World renowned author, Tommy Orange, visits Missoula

Maggie Vann, Reporter

The award winning author of There There, Tommy Orange, visited Missoula, Montana on October 30th, 2019. His book is integrated into the curriculum for sophomores in high school in Missoula, along with at the University of Montana, and has been an inspiration to Native Americans and teens all over the world. 

Orange grew up in Oakland, California, is enrolled in the Cheyenne tribe, and worked at a health clinic; until he decided that he wanted to be a teacher. Although his book, There There, affected the lives of Native Americans that read it, Orange didn’t even know if his book would be published. He just wanted to become more well-known, so that his dream for a teaching career would come true. On June 5th, 2018 his book was published, and it changed the lives of people all over the world

Orange’s book is a story about what it means to have your whole life taken away from you, while constantly wondering where you belong. Gertrude Stein, an American novelist, poet, playwright, and art collector said, “There is no there, there.” This quote struck Orange and he said that the characters in his book are looking for a “there, there”, or belonging. The characters in his book all have separate stories about their lives, and although none of the characters are real people, they are based off of very real issues in the Native American daily life. The separate stories for each character eventually converge and they each bring new meaning to the book. 

The book discusses how traditions change. While many people associate tradition with something that stays the same, Orange said, “Part of tradition is adaptation.” He wants people to be aware that tradition is constantly changing, while keeping things that matter the most close. He also said, “People change, so can tradition.” his story brings out many underlying messages about life. 

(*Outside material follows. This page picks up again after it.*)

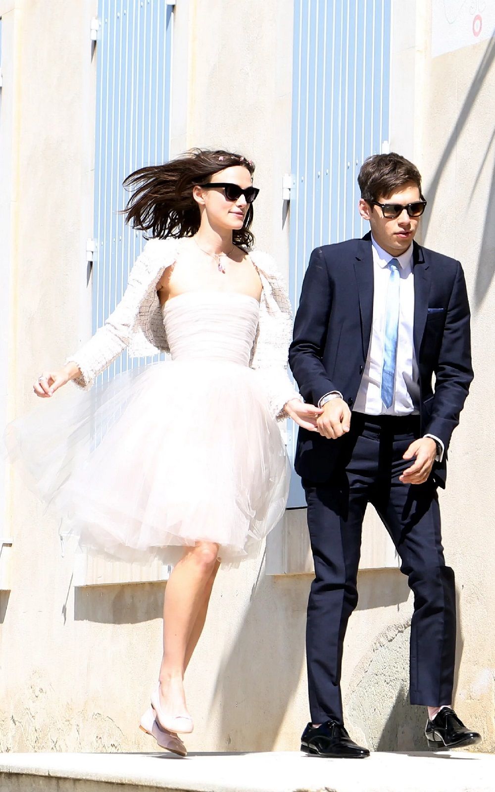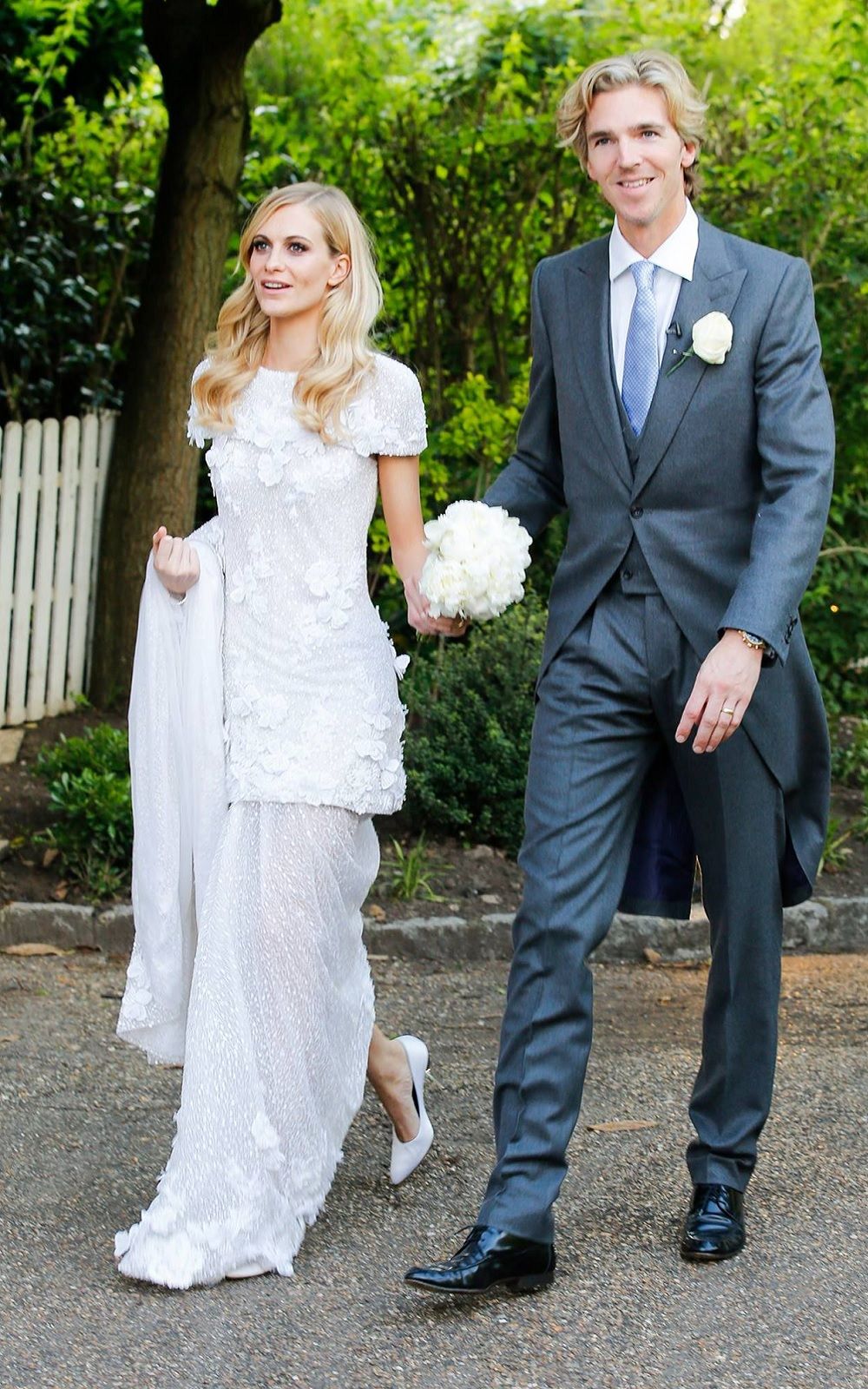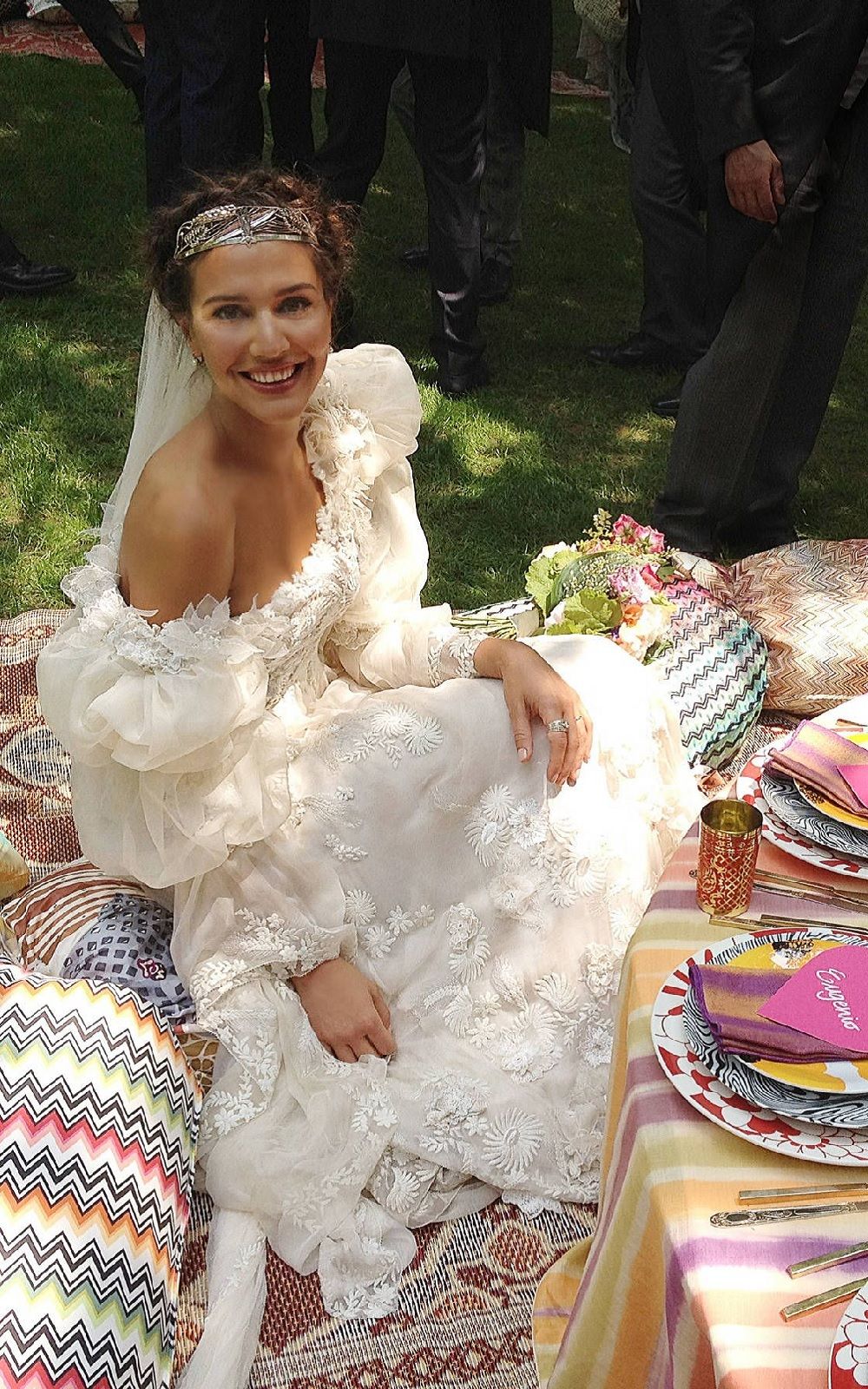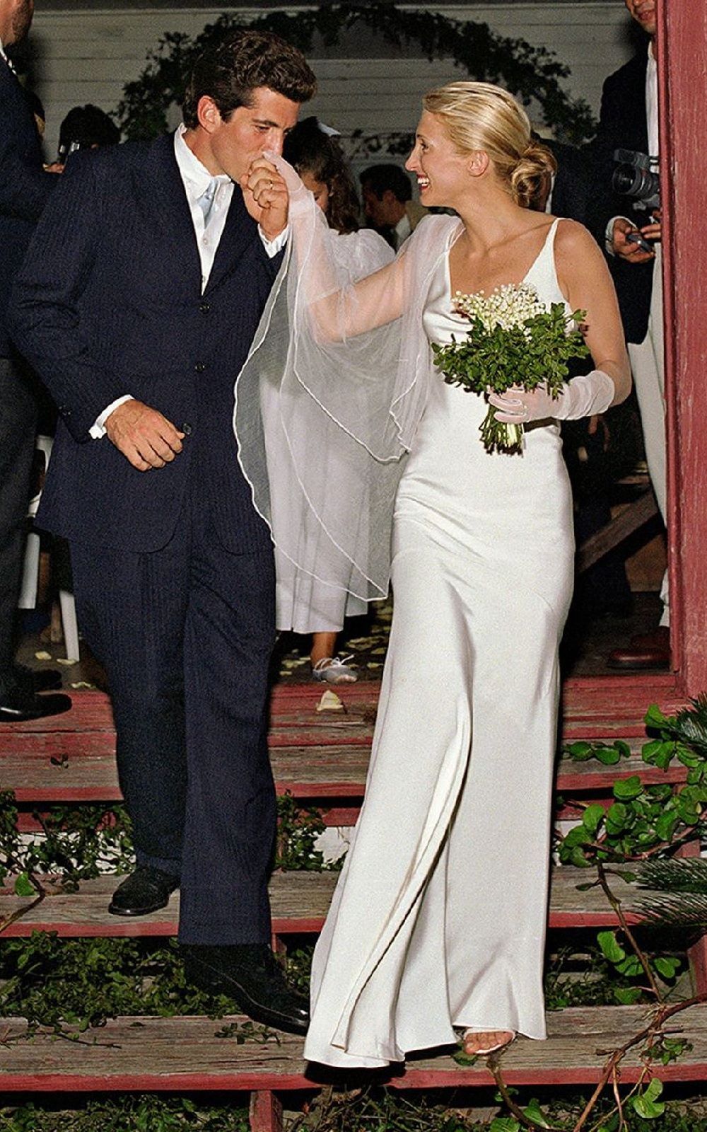 The marriage to Jamie Hince from The Kills didn't last long, but Kate Moss's dress has become one of the most popular ever. For the look of the boho ceremony in a Cotswolds village, the model called John Galliano. The designer, who was recently fired from the Maison Dior following his arrest under the influence of alcohol for violent behaviour and anti-Semitic insults, returned to work just for his friend and created a veiled slip dress inspired by the 1920s, with rhombus cuts and precious embroidery in rhinestones, beads and sequins adding a play of light. Kate's shoes were made by Manolo Blahnik.

Orange said that it’s hard for Native Americans today for many reasons. Many times, they live on reservations which, in a way, exclude them from the “real” world. However, Orange also said that these reservations tie Native Americans to larger cities. Another struggle that Native Americans experience is exposure to screenplay because it’s not diversified. They aren’t played on the screen, but when they are, they are often discriminated against. He said that it is hard for people of color because black people are visible so they often get shot, while Native Americans seem to fade into the background. 

There There is a book that is really an eye opener for people all over the world. His talks are a great way for people to see what life is like for people of color and the struggles of Native Americans. Orange even donated 20% of the money earned from selling his books in Missoula to Native American education.